Бумажкин улыбнулся, протянул мне широкую ладонь. От него пахло рыбой, он только что прилетел с Байкала. Лицо у Игоря было красное: солнце, еще несильное у земли, на высоте, через стекло кабины, успело опалить кожу. Игорь выше меня на целую голову, комбинезон на нем, шутили летчики, сшит меркой на индийского слона.
– Не могу, – вздохнул я. – Нет времени.
– Ты что!
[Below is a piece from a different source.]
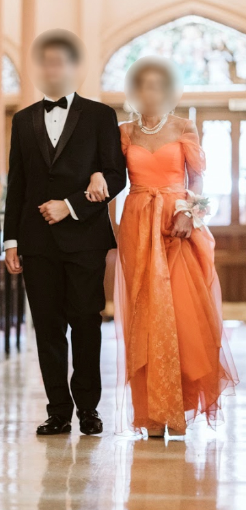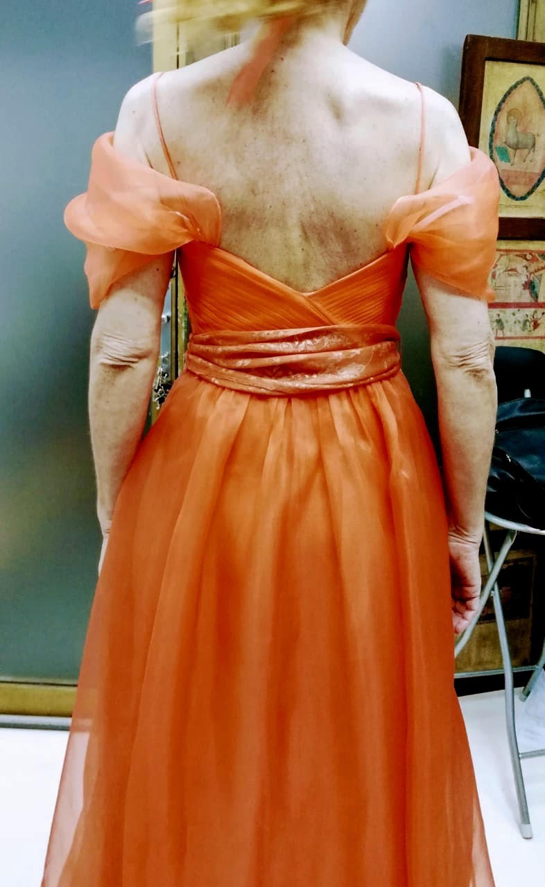 Es una combinación de dos tonos; salmón en la parte superior y la falda color pomelo en tres telas vaporosas.

Без тебя обязательно проиграем.
– Я ребятишек привез с собой.
– А, – сочувственно протянул Игорь. – Куда ты их, в интернат?
Мне стало даже забавно. Оказывается, мысли у многих работают одинаково, на короткое замыкание, и, наверное, случись такое с другим, я бы сказал то же самое.
– Нет, будут жить со мной. Без меня они, как цыплята без курицы.
– Что верно, то верно, – глубокомысленно протянул Бумажкин. – Пусть Сорокин квартиру выделяет. Я с ним сейчас же поговорю.
– Уже без тебя решили, кому дать, кому нет, – сказал подошедший Добрецов.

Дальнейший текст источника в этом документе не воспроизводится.